### DATA BLOCK
━━━━━━━━━━

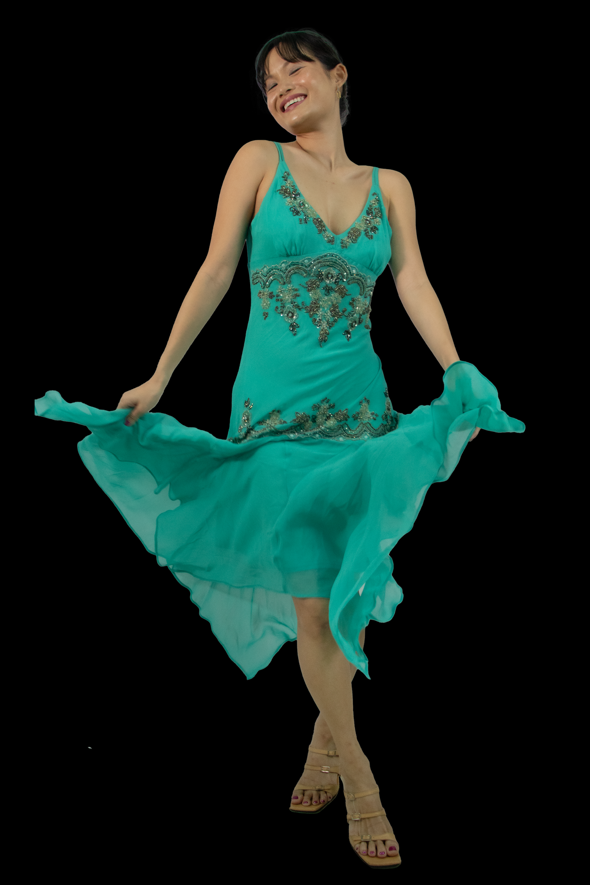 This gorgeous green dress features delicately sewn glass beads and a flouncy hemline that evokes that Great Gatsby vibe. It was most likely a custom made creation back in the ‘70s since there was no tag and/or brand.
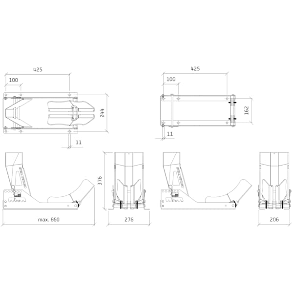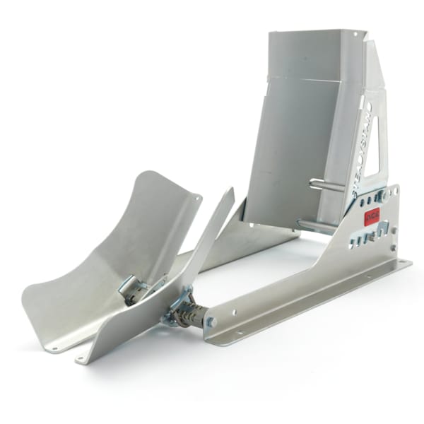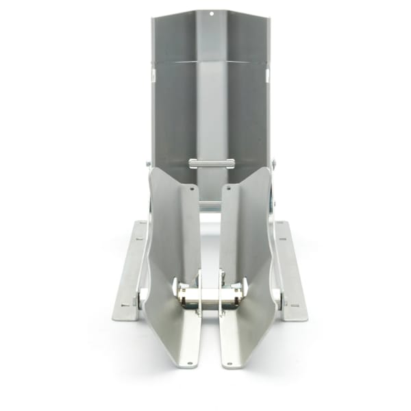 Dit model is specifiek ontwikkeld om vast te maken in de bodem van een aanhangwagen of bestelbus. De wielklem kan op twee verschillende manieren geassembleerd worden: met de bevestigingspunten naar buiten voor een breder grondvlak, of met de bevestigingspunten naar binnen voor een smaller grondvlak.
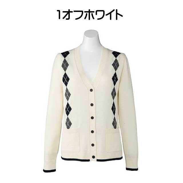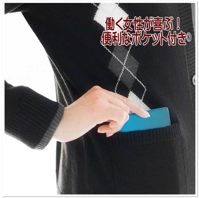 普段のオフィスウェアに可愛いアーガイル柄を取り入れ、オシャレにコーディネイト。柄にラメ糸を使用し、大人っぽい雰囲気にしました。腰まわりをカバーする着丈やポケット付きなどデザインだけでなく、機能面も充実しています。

━━━━━━━━━━

### TASK OBJECTIVE
Copy all the lines of data exactly as they appear, dropping any images.

### TASK SOLUTION
 This gorgeous green dress features delicately sewn glass beads and a flouncy hemline that evokes that Great Gatsby vibe. It was most likely a custom made creation back in the ‘70s since there was no tag and/or brand.
 Dit model is specifiek ontwikkeld om vast te maken in de bodem van een aanhangwagen of bestelbus. De wielklem kan op twee verschillende manieren geassembleerd worden: met de bevestigingspunten naar buiten voor een breder grondvlak, of met de bevestigingspunten naar binnen voor een smaller grondvlak.
 普段のオフィスウェアに可愛いアーガイル柄を取り入れ、オシャレにコーディネイト。柄にラメ糸を使用し、大人っぽい雰囲気にしました。腰まわりをカバーする着丈やポケット付きなどデザインだけでなく、機能面も充実しています。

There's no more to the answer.